'Transformers One' Disappoints At Box Office With Soft $39M Global Debut
Beetlejuice 2' tops the weekend as 'Transformers One' becomes the latest example of Hollywood refusing to learn the lessons of 'A Star Wars' Story' and 'A Mad Max Saga.'
The kids showed up, but they (comparatively) chose Beetlejuice 2.
While rank generally does not matter (the raw gross and variables related to that gross are of crucial importance), it’s not a great look that the opening weekend of Hasbro and Paramount’s Transformers One came in just under the third weekend of Warner Bros. Discovery’s Beetlejuice Beetlejuice. The kids and families that were supposed to rally on Saturday and Sunday to pull young Optimus Prime and young Megatron out of the proverbial fire never showed. Instead, they showed up for Tim Burton’s buzzy and well-liked legacy sequel, which kept its hold as the all-quadrant event movie of the moment. Beetlejuice 2 earned another $26 million (-49%) to raise its 17-day domestic cume to $227 million. That’s a better third-weekend hold than It’s 50% drop on this weekend in 2017, by which time it had earned 81% of its $327.5 million domestic cume. If the Michael Keaton/Winona Ryder/Jenna Ortega sequel plays likewise, it’ll end just over/under the $281 million total of Dune Part Two.
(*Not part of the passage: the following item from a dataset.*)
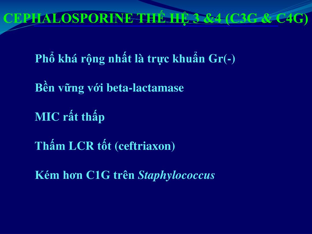 CEPHALOSPORINE THẾ HỆ 3 &4 (C3G & C4G) PhổkhárộngnhấtlàtrựckhuẩnGr(-) Bềnvữngvới beta-lactamase MIC rấtthấp Thấm LCR tốt (ceftriaxon) Kém hơn C1G trên Staphylococcus
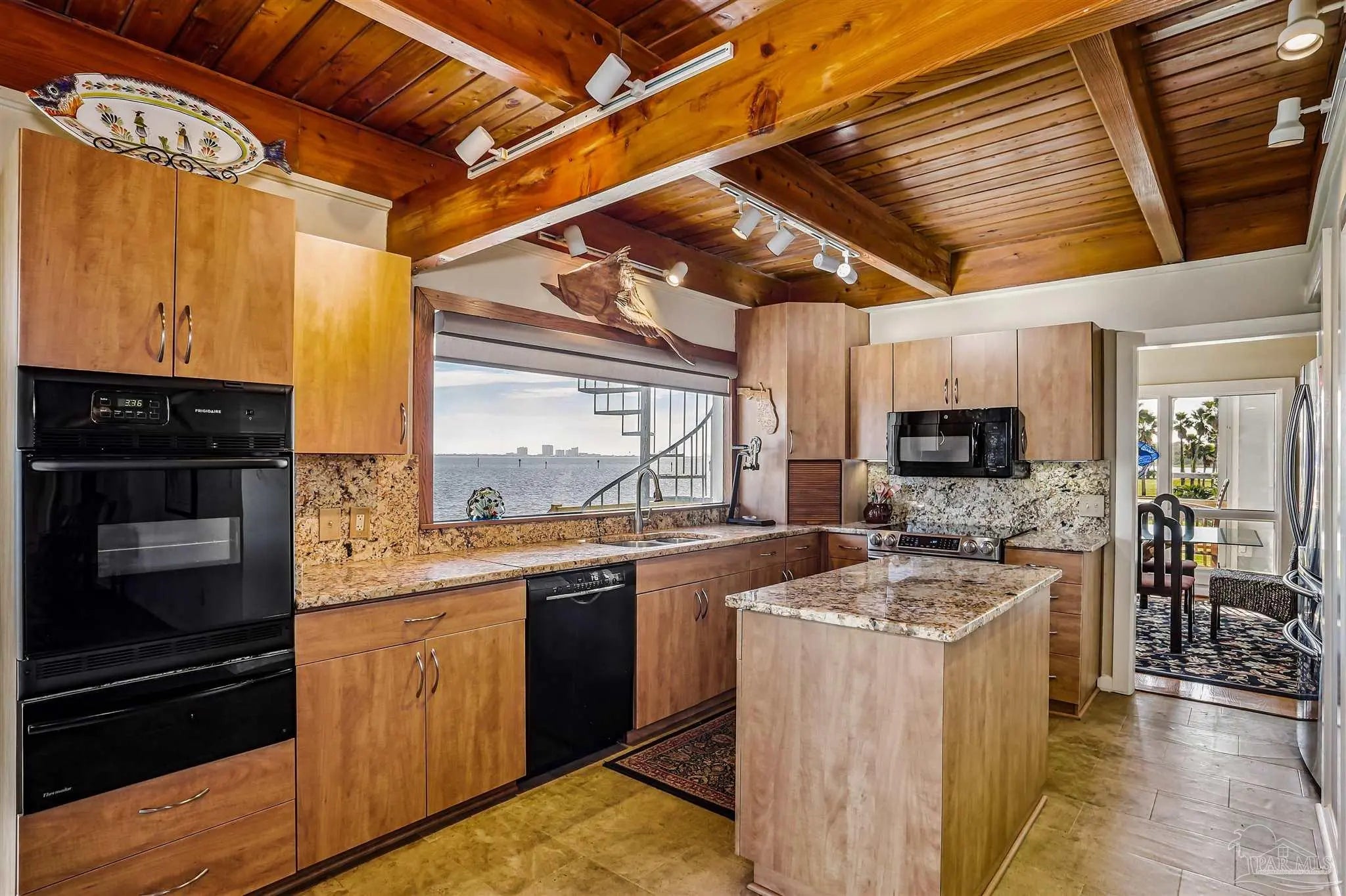 This custom home on Santa Rosa Sound is a rare opportunity to enjoy a truly unique resort lifestyle. You will be captivated by 180-degree views of the national seashore, Pensacola Beach, and the Naval Live Oaks. Watch dolphins frolic from your salt-water pool, entertain on 1298 sf of decks and patios and keep your boat protected in the "owners only" canal. On the second level, a large entry features artist tiles and a private office with closet. French doors open to a spectacular view of the Sound in the large living/dining area. Get cozy in front of a stunning Peter King bas-relief gas FP and bask in sunsets on your covered deck. The wet bar is definitely a charming party starter, while the formal dining area provides hypnotic views of sparkling water, wading birds and Portofino's fireworks. The well-appointed eat-in kitchen has one of the best views. Cooks will appreciate double ovens/warming drawers, storage galore and a walk-thru pantry. The laundry room has an electric dumbwaiter that services all floors. Two more bedrooms, a full bath and powder room complete the living floor. On the third floor is a large, light-filled adult retreat with a sun deck, wood cathedral ceiling, and remote controlled fireplace. There's also room to add a refreshment area. The bath has two walk-in closets, deep jetted tub and a separate walk-in shower w/ water closet. Up a ship's ladder is the "Crow's Nest" with glass doors to a "telescope balcony"- think artist loft, reading & nap nook. Dock the boat in a private canal with a 12,000 lb. covered lift, 50' x 10' Trex dock, wet fish sink and 200 sf storage building for all the tackle you'll need. You can quickly boat to dining, watch the Blue Angels fly or easily reach deep water from your front door. Mature trees, palms and landscape thrive with a deep-well irrigation system. The home's exterior has been totally remodeled/renovated and improved with new Hardi plank siding, Trex decks/stairs, and a new roof in 2025.

Beetlejuice Beetlejuice remains the all-quadrant event of the season.
When your well-liked $100 million follow-up is on a path to flirt with $300 million domestic, mediocre ($103 million thus far) overseas earnings are of less consequence. If Twisters ($268 million domestic and counting) cost $100 million instead of $155 million, its miserable $100 million overseas grosses would be mere trivia. Moreover, not that the world needs a Beetlejuice 3 (maybe this time the gang finally makes it to Hawaii), but a theoretical threequel could play like a conventional sequel (think Sherlock Holmes: A Game of Shadows, The Kingsman: The Golden Circle or Star Trek Into Darkness) that, with the franchise (re)introduced outside of North America, declines a bit stateside but upswings overseas for an over/under equal global cume. Ironically, if WBD’s own Joker: Folie à Deux underwhelms in two weeks (especially in terms of being an all things for all audiences tentpole like its predecessor), Beetlejuice 2 will remain the all-quadrant biggie until Sony’s Venom: The Last Dance on October 25.
Transformers One opened 23x above Batman: Mask of the Phantasm.
As for Hasbro and Paramount’s Transformers One, a $25 million opening weekend isn’t awful by the lower standards of “from live-action movies to animated movies” pipeline. Paramount’s animated Teenage Mutant Ninja Turtles: Mutant Mayhem opened with $26 million over the Fri-Sun part of a $45 million Wed-Sun debut. Recall that Sony’s Spider-Man: Into the Spider-Verse opened with $35 million in mid-December 2018 amid rave reviews, Oscar buzz and the “see Miles Morales on the big screen” factor working in its favor. It had the holiday blitz to stretch those legs, becoming the leggiest comic book superhero movie since Tim Burton’s Batman. Conversely, WB’s Batman: Mask of the Phantasm (a feature-length installment of the acclaimed and popular Batman: The Animated Series) earned $557,134 on its Christmas Day 1993 opening day and would earn $1.1 million in its Sat/Sun debut and $5.6 million worldwide. I was there, and it was essentially a private showing. But this is still disappointing, both in terms of tracking and actual earnings.